__RECORDS FOR THIS EXERCISE__
========================================================================
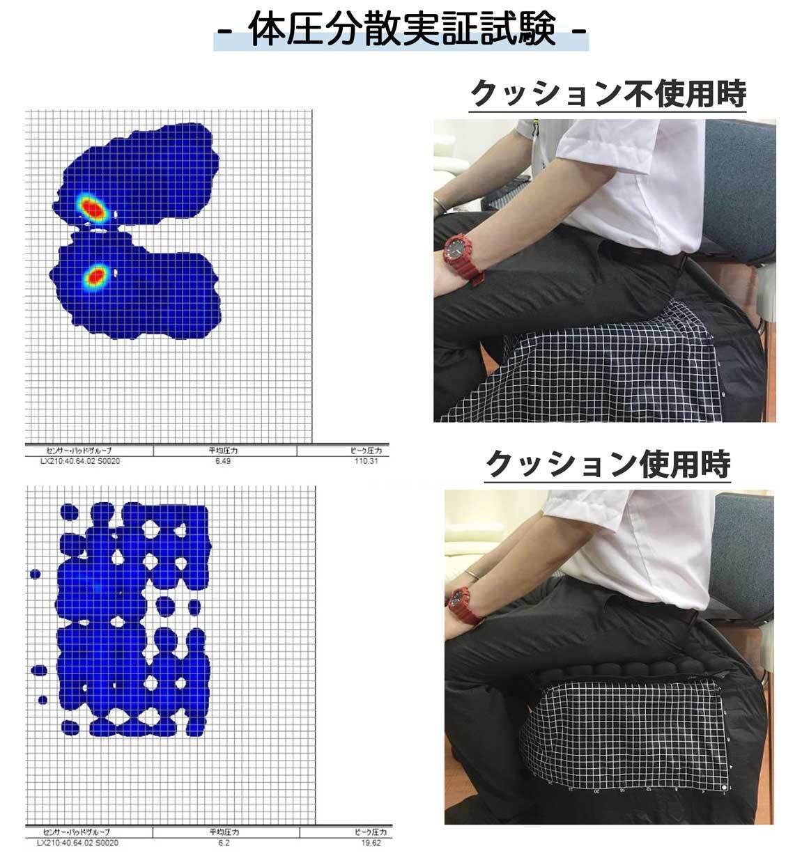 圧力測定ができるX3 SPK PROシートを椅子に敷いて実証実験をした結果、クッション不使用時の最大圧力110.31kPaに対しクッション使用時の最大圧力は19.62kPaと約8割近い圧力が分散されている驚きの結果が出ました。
========================================================================
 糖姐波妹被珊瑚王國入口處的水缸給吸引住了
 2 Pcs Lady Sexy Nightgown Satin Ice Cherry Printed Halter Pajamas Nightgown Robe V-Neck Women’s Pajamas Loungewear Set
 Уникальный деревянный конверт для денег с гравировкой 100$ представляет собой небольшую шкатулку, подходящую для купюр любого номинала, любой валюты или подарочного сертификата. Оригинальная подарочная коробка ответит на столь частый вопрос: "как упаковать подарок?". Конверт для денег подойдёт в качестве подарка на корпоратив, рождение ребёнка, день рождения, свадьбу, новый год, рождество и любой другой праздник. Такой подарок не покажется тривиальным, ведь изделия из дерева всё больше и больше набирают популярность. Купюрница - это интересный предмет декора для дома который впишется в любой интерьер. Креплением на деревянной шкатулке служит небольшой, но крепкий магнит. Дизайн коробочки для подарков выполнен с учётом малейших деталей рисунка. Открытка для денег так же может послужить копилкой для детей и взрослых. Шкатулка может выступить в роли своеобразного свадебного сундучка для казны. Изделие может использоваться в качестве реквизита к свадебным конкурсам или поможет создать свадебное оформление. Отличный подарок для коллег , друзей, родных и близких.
========================================================================
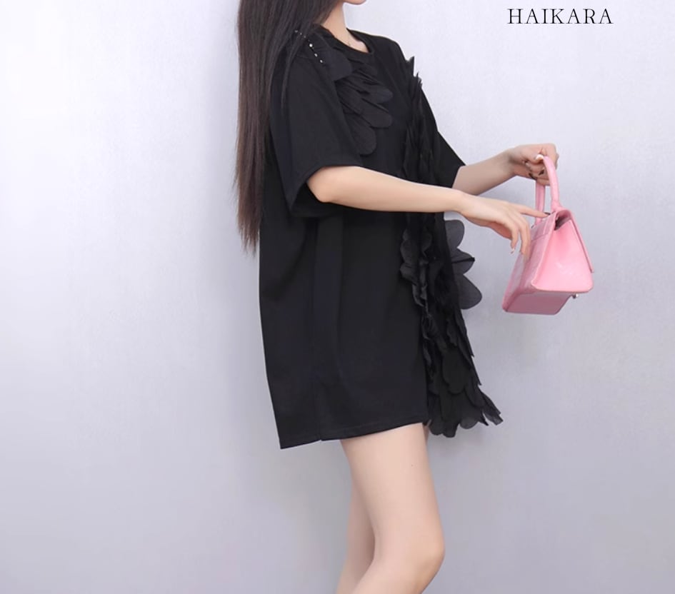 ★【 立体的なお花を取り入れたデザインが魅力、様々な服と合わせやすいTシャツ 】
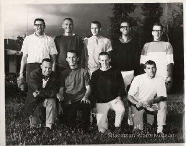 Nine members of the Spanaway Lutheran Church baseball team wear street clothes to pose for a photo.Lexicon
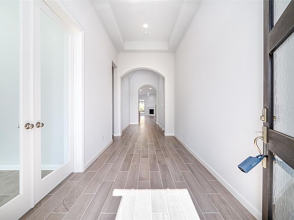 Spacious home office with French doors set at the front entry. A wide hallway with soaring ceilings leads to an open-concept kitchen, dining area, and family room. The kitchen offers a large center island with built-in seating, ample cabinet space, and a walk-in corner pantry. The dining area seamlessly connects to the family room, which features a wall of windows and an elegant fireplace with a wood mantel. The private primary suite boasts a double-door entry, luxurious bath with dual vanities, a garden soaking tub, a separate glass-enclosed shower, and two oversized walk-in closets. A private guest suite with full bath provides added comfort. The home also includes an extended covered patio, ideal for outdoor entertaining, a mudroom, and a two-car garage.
========================================================================
__PROMPT__
Write out, from the lines above, only those from the line with "糖姐波妹被珊瑚王國入口處的水缸給吸引住了" to the line with "2 Pcs Lady Sexy", exactly as given, including the first and the last.

__SOLUTION TO THE PROBLEM__
 糖姐波妹被珊瑚王國入口處的水缸給吸引住了
 2 Pcs Lady Sexy Nightgown Satin Ice Cherry Printed Halter Pajamas Nightgown Robe V-Neck Women’s Pajamas Loungewear Set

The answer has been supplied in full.